The facts of this case, as they were developed at the hearing, are as follows:
Facts.
1. On May 28, 1923, Frank Lewchenko, a resident of Brooke County, West Virginia, made a proposal to J. S. Cookson, a dealer, residing and doing business at Steubenville, Ohio, for the purchase of the automobile involved in this *194case. This proposal having been accepted, the parties entered into a written “Conditional Sale Contract,” bearing that date, a full copy of which is appended to the claim of the General Motors Acceptance Corporation, filed herein on Jan. 14, 1924. As Lewchenko lived in West Virginia, where the car was to be taken and kept by him, this contract was drawn so as to conform to the laws of that state.

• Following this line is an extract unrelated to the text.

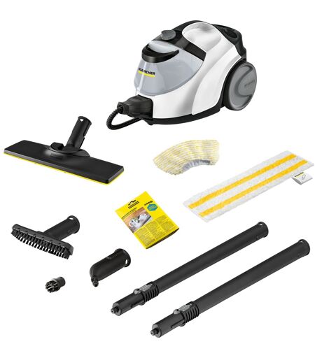 Kärcher SC 5 EasyFix jernpropdamprenseren er en rigtig allrounder. Med en dampeffekt på 4,2 bar og en varmekapacitet på 2.250 watt er den ikke kun enormt kraftfuld, men har også en tilslutningsmulighed for et damptrykstrygejern. Derudover renser enheden helt kemikaliefrit, og VapoHydro-funktionen fjerner genstridigt snavs endnu lettere ved at tænde for varmt vand. Takket være den fleksible samling giver EasyFix gulvmundstykket maksimal ergonomi og knirkende rene resultater takket være lamelteknologien. Yderligere dyser gør det muligt at rengøre en lang række overflader efter behov, og med 4-trins dampregulering på enheden kan dampintensiteten justeres til overfladen og graden af tilsmudsning. 1,5 liters tanken kan genopfyldes når som helst uden problemer og uden afbrydelse, og det integrerede kabelrum, opbevaringsrummet til tilbehør og gulvdysens parkeringsposition er nyttige detaljer til endnu mere bekvem damprensning. Med hensyn til sikkerhed imponerer SC 5 EasyFix Iron med en børnesikring og en sikkerhedsventil. ...

2. By the terms of this contract Cookson sold, and Lewchenko purchased, the car in question for the price of $668, whereof $356 was paid in hand, and the remaining $312 was to be paid in monthly instalments of $52 each, the sale being made subject to terms and conditions, which included provisions to the following effect: That title should not pass to the purchaser until payment in full of the purchase price; that in the event of default on any instalment, or in certain other events, the full amount owing should become due and payable at seller’s election; that purchaser should keep the property free of taxes, liens and encumbrances, and should “not use same improperly or for hire,” nor transfer any interest under the contract; that the interests of purchaser and seller might be protected by insurance, to be paid for by purchaser; that on default by purchaser in complying with the terms of the contract, seller might retake the property and resell it at public or private sale, having the right to bid at such sale, and from the proceeds, after deducting all expenses, including a reasonable attorney’s fee, pay the amount due on the contract, any surplus to be paid over to the purchaser, but in case of deficiency, the amount thereof to be paid by the purchaser, with interest. Upon the making of this contract possession of the car was delivered to Lewchenko, and it was taken to his home in West Virginia.

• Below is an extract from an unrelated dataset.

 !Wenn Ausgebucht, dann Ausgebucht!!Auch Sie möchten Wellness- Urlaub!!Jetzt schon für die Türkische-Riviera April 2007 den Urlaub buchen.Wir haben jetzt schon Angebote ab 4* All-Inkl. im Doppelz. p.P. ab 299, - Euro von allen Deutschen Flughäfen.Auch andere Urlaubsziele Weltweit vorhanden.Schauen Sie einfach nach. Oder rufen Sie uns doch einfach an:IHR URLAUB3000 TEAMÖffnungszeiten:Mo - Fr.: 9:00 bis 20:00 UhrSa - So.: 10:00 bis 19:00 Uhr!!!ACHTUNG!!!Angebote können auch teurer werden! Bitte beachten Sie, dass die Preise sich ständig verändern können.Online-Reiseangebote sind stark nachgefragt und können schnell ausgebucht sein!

3. This contract was filed of record in Brooke County, West Virginia, on May 29, 1923, and upon such filing it became valid under the laws of that state, not only as between the parties, but also as to third persons.
4. Within a day or so after such filing Cookson assigned and transferred to the General Motors Acceptance Corporation, the claimant, all his rights upon and under the contract.
5. Lewchenko paid the instalment of purchase money which matured June 28, 1923. He has not paid the instalments subsequently maturing.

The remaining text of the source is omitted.